━━ INFORMATION SHOWN ━━

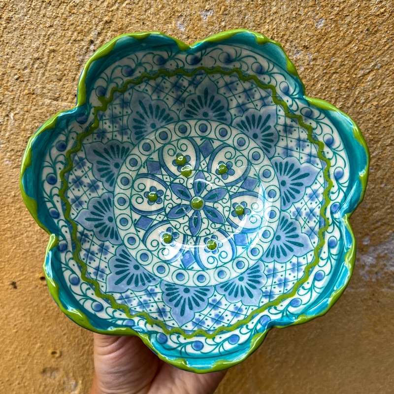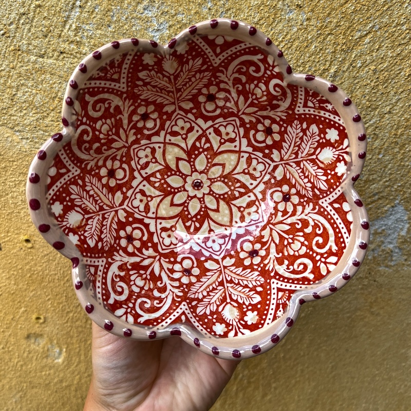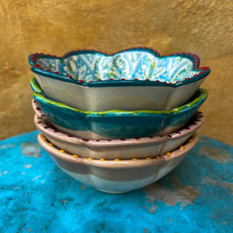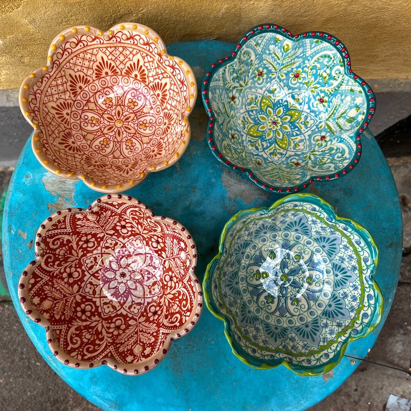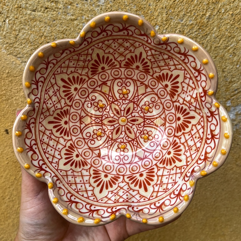 Smuk, håndmalet skål med dekorativ bølget kant og farverigt mønster. Perfekt til snacks, tilbehør eller småretter. Skålen fås i fire farvevarianter: turkis med grøn, turkis med rød, beige med gul og beige med rød. Hver skål er unik og bringer charme til borddækningen – både til hverdag og fest.
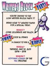 New York, New York – April 28, 2011– CCNY students will have a fun and engaging opportunity to celebrate writing to get some tips on improving their writing at the CCNY Writers Block Party, Tuesday, May 10, 2011 from 12 p.m.-2 p.m. at the Hoffman lounge in the North Academic Center (NAC). Participants get free food, drinks, fun giveaways and are eligible to win a free Kindle.
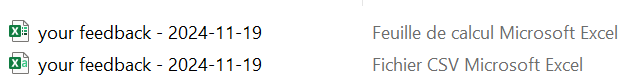 This export contains two files (.csv and .xls format) with the same name as your Question.
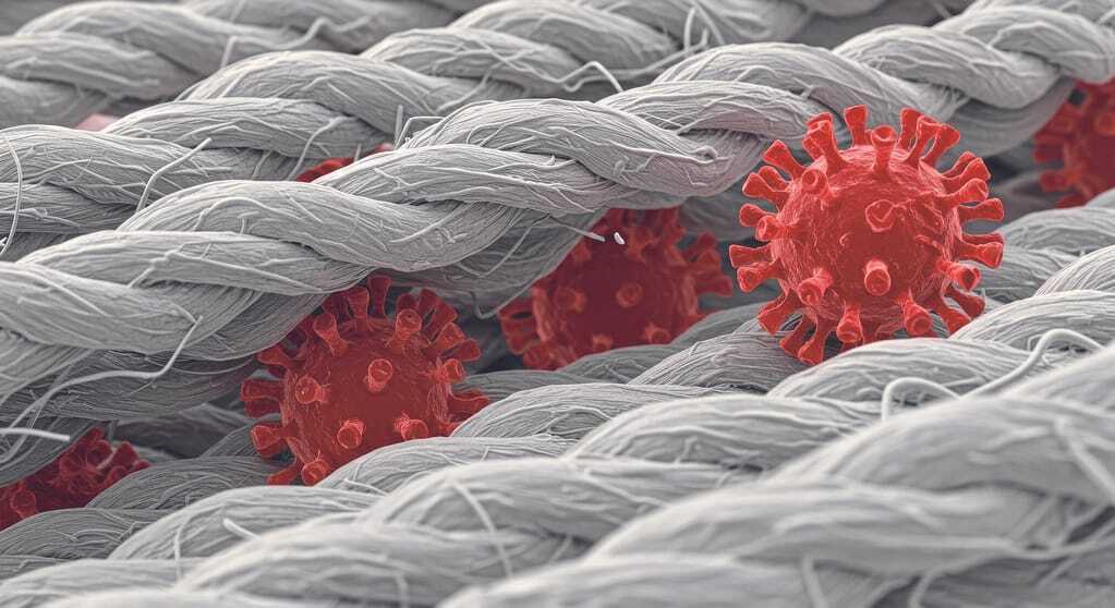 Während der Corona-Pandemie zeigte sich, dass Textilien, die mit antiviralen Wirkstoffen ausgerüstet werden, dazu beitragen können, dieses Übertragungsrisiko zu reduzieren.
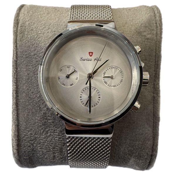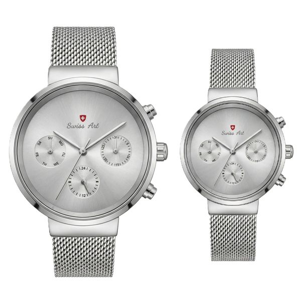 اگر به دنبال ساعتی شیک، ماندگار و متفاوت هستید، ست ساعت سوئیس آرت دقیقا همان انتخابی است که استایل شما را کامل میکند. قاب گرد و بند استیل این ست، در کنار طراحی های مدرن و بهروز، جلوهای لوکس و چشمنواز به آن بخشیده است. وجود سه موتور مختلف روز شمار برای تمام روز های هفته و ماه، این ساعت را به انتخابی کاربردی برای استفاده روزمره تبدیل کردهاست. بدنه استیل باکیفیت آن بدون تغییر رنگ، دوام و ماندگاری طولانیمدت را تضمین میکند. شیشهی سافایر ضدخش خیال شما را از بابت خط و خش راحت میکند تا همیشه ظاهری بینقص داشته باشید. با ست ساعت سوئیس آرت زمان را با حس خاص بودن و اطمینان تجربه کنید.

━━━

- **WHAT YOU ARE ASKED TO DO**:
The lines from the one containing "New York, New" through the last line of the data above are to be transcribed exactly, both included, with all pictures left out.

- **EXERCISE SOLUTION**:
 New York, New York – April 28, 2011– CCNY students will have a fun and engaging opportunity to celebrate writing to get some tips on improving their writing at the CCNY Writers Block Party, Tuesday, May 10, 2011 from 12 p.m.-2 p.m. at the Hoffman lounge in the North Academic Center (NAC). Participants get free food, drinks, fun giveaways and are eligible to win a free Kindle.
 This export contains two files (.csv and .xls format) with the same name as your Question.
 Während der Corona-Pandemie zeigte sich, dass Textilien, die mit antiviralen Wirkstoffen ausgerüstet werden, dazu beitragen können, dieses Übertragungsrisiko zu reduzieren.
 اگر به دنبال ساعتی شیک، ماندگار و متفاوت هستید، ست ساعت سوئیس آرت دقیقا همان انتخابی است که استایل شما را کامل میکند. قاب گرد و بند استیل این ست، در کنار طراحی های مدرن و بهروز، جلوهای لوکس و چشمنواز به آن بخشیده است. وجود سه موتور مختلف روز شمار برای تمام روز های هفته و ماه، این ساعت را به انتخابی کاربردی برای استفاده روزمره تبدیل کردهاست. بدنه استیل باکیفیت آن بدون تغییر رنگ، دوام و ماندگاری طولانیمدت را تضمین میکند. شیشهی سافایر ضدخش خیال شما را از بابت خط و خش راحت میکند تا همیشه ظاهری بینقص داشته باشید. با ست ساعت سوئیس آرت زمان را با حس خاص بودن و اطمینان تجربه کنید.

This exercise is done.